THE DATA:
++++++++

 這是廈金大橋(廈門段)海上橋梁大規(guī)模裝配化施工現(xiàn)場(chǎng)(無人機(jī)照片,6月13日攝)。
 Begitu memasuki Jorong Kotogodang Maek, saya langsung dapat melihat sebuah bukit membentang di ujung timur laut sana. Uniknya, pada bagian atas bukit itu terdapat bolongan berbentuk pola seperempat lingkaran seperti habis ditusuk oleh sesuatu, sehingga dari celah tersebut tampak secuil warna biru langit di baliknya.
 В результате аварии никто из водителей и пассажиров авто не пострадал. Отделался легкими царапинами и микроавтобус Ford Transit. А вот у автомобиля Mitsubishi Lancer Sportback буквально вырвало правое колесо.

++++++++

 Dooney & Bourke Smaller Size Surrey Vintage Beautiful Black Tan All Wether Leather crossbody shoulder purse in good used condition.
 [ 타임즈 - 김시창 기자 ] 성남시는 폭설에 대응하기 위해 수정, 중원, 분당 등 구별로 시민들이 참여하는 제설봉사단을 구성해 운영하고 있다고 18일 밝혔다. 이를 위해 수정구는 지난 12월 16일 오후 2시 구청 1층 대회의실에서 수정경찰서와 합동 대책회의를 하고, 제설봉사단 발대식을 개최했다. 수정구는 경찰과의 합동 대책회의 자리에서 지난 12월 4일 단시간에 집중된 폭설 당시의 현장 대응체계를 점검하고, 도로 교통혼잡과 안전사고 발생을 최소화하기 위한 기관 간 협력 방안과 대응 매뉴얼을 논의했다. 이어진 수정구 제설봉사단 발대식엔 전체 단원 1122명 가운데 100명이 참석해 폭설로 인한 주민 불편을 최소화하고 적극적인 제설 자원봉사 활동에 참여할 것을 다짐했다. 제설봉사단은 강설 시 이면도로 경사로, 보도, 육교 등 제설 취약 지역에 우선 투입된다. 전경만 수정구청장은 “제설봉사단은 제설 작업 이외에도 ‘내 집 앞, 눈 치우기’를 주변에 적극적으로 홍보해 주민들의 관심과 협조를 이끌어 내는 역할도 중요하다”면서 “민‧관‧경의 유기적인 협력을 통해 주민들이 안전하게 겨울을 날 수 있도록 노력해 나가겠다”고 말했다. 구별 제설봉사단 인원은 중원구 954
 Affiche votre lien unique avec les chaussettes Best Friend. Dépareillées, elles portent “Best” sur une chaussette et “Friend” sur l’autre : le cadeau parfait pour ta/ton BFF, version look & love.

++++++++

TASK OBJECTIVE: Could you write out, exactly as they stand, only the lines above that begin at the line with "Dooney & Bourke" and stop after the line with "Affiche votre lien"?

TASK ANSWER:
 Dooney & Bourke Smaller Size Surrey Vintage Beautiful Black Tan All Wether Leather crossbody shoulder purse in good used condition.
 [ 타임즈 - 김시창 기자 ] 성남시는 폭설에 대응하기 위해 수정, 중원, 분당 등 구별로 시민들이 참여하는 제설봉사단을 구성해 운영하고 있다고 18일 밝혔다. 이를 위해 수정구는 지난 12월 16일 오후 2시 구청 1층 대회의실에서 수정경찰서와 합동 대책회의를 하고, 제설봉사단 발대식을 개최했다. 수정구는 경찰과의 합동 대책회의 자리에서 지난 12월 4일 단시간에 집중된 폭설 당시의 현장 대응체계를 점검하고, 도로 교통혼잡과 안전사고 발생을 최소화하기 위한 기관 간 협력 방안과 대응 매뉴얼을 논의했다. 이어진 수정구 제설봉사단 발대식엔 전체 단원 1122명 가운데 100명이 참석해 폭설로 인한 주민 불편을 최소화하고 적극적인 제설 자원봉사 활동에 참여할 것을 다짐했다. 제설봉사단은 강설 시 이면도로 경사로, 보도, 육교 등 제설 취약 지역에 우선 투입된다. 전경만 수정구청장은 “제설봉사단은 제설 작업 이외에도 ‘내 집 앞, 눈 치우기’를 주변에 적극적으로 홍보해 주민들의 관심과 협조를 이끌어 내는 역할도 중요하다”면서 “민‧관‧경의 유기적인 협력을 통해 주민들이 안전하게 겨울을 날 수 있도록 노력해 나가겠다”고 말했다. 구별 제설봉사단 인원은 중원구 954
 Affiche votre lien unique avec les chaussettes Best Friend. Dépareillées, elles portent “Best” sur une chaussette et “Friend” sur l’autre : le cadeau parfait pour ta/ton BFF, version look & love.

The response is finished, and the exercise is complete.